Beginning at the top of the data below, restate every line word for word until the line containing "- Whatโs included: planter" has been included, and omit the pictures.

■ **Dataset section**
_ _ _ _ _ _ _
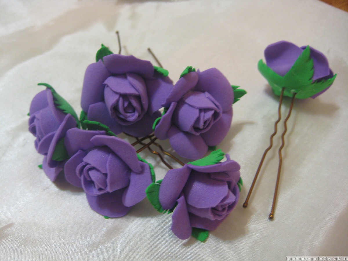 Шпильки выполнены из фоамирана, очень красиво смотрятся в волосах. По желанию можно сделать любой цвет.
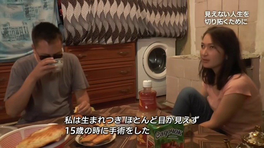 アザマットさんを支えるのは、妻のジルディズさん。実は彼女も、ほとんど目が見えません。
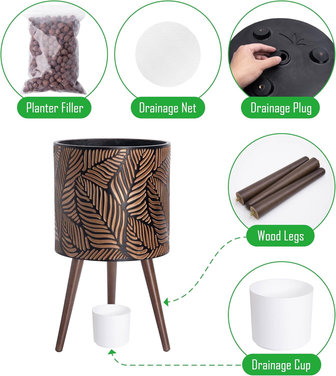 - Whatโs included: planter pot with drainage hole, drainage plug, set of stand โ 3 solid wooden legs.
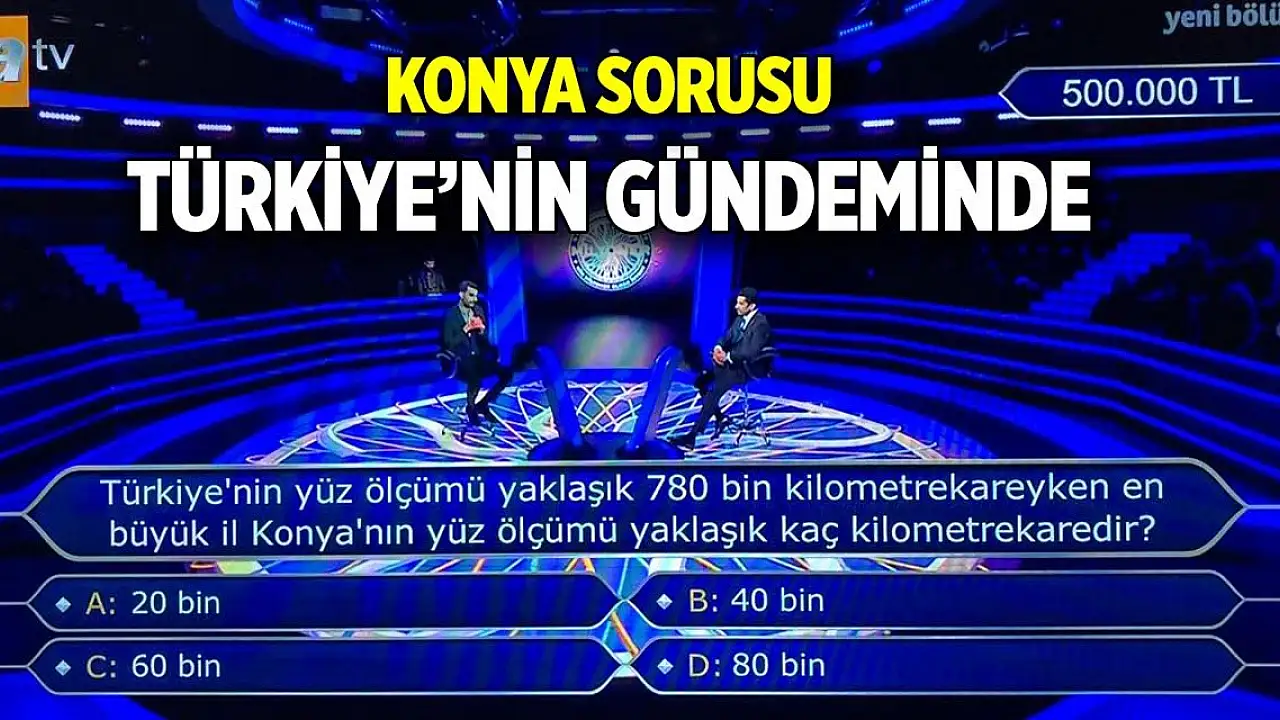 Kim Milyoner Olmak İster'de işte 500 bin liralık soru ve cevabı Türkiye’nin gündemine oturdu. Milyoner sorusu: 500 bin liralık soru: Türkiye'nin yüz ölçümü yaklaşık 780 bin kilometrekareyken en büyük il Konya'nın yüzölçümü yaklaşık kaç kilometrekaredir?? Kim Milyoner uzun bir aradan sonra 18 Şubat 2024 Pazar günü başlayan Kim Milyoner Olmak Yusuf İpek'e sorulan 500 bin liralık yarışma sorusu ve cevabı.
_ _ _ _ _ _ _
■ **Expected answer**
 Шпильки выполнены из фоамирана, очень красиво смотрятся в волосах. По желанию можно сделать любой цвет.
 アザマットさんを支えるのは、妻のジルディズさん。実は彼女も、ほとんど目が見えません。
 - Whatโs included: planter pot with drainage hole, drainage plug, set of stand โ 3 solid wooden legs.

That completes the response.